12 August 2021
Who does this notice affect?
This notice is for all airlines, freight forwarders, pet transport companies and importers of cats and dogs to Australia.
What has changed?
The department has seen an increase in the number of elderly cats and dogs being imported with chronic illnesses and medical conditions.
The Post Entry Quarantine facility is receiving a high number of client enquiries regarding the importation of animals that are elderly or have chronic illnesses and require a high level of veterinary care and treatment, such as kidney disease requiring intravenous or subcutaneous fluid injections or cancer requiring chemotherapy treatment.
It is the department’s experience that even animals with well managed chronic medical conditions can often arrive in Australia in a state of distress and poor health. International travel can cause them to de-stabilise and rapidly deteriorate.
Know your import requirements prior to exporting your pet
It is an import condition that the dog or cat must be healthy and fit to undertake the journey to Australia and undergo quarantine.
You should consider your animal's age and condition, and how they will cope with long distance travel and climatic stress, when deciding to send your animal to Australia.
It is also a condition of import that cats and dogs undergo a final pre-export veterinary examination by a government-approved or official government veterinarian within 5 days of the date of export to Australia. At the time of final pre-export veterinary examination, cats and dogs must be:
- certified as healthy and fit to travel to Australia and undergo quarantine
- free of clinical signs of infectious and contagious disease
It is the responsibility of the endorsing government approved vet to determine if an animal is fit and well to travel. It is important to talk to your veterinarian about whether your animal is a suitable candidate for international travel and is fit and stable with a relatively simple medical regime that can be easily administered by biosecurity staff at the Post Entry Quarantine facility if required.

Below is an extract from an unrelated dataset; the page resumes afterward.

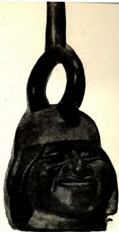
Cabeza humana.—Alfarería Muchik, 2.ª época. Museo Arqueológico Peruano.

(3) Llamam así hoy los indios del litoral a unos haces de enea o de totora que flotan en el agua y sobre los cuales se aventuran en el mar.

You should reconsider importing your cat or dog if they are not healthy and fit to safely travel and undergo quarantine. You may need to delay your animal’s import to Australia until their health has improved.
What should you consider before importing an animal requiring special care to Australia?
Whilst your animal will be well cared for during their time at the Post Entry Quarantine facility, you should think about the stress that your animal may experience with international travel and quarantine stay. Stress may exacerbate pre-existing conditions or worsen the health status of animals with special medical needs.
The PEQ website now has comprehensive information about importing animals with special care requirements. You must notify us if your animal has any medical requirements when making your quarantine booking so we can ensure appropriate care of your animal. In such circumstances, we will require additional information from your treating veterinarian to correctly manage the condition by completing a special care animal declaration outlining the animal’s condition/s and care requirements which can be submitted to PEQservices@awe.gov.au
What level of care to expect during post-entry quarantine in Australia
The facility is staffed within the daylight hours of 0800 and 1600. Care is provided during these hours; cats and dogs are not monitored outside of these hours.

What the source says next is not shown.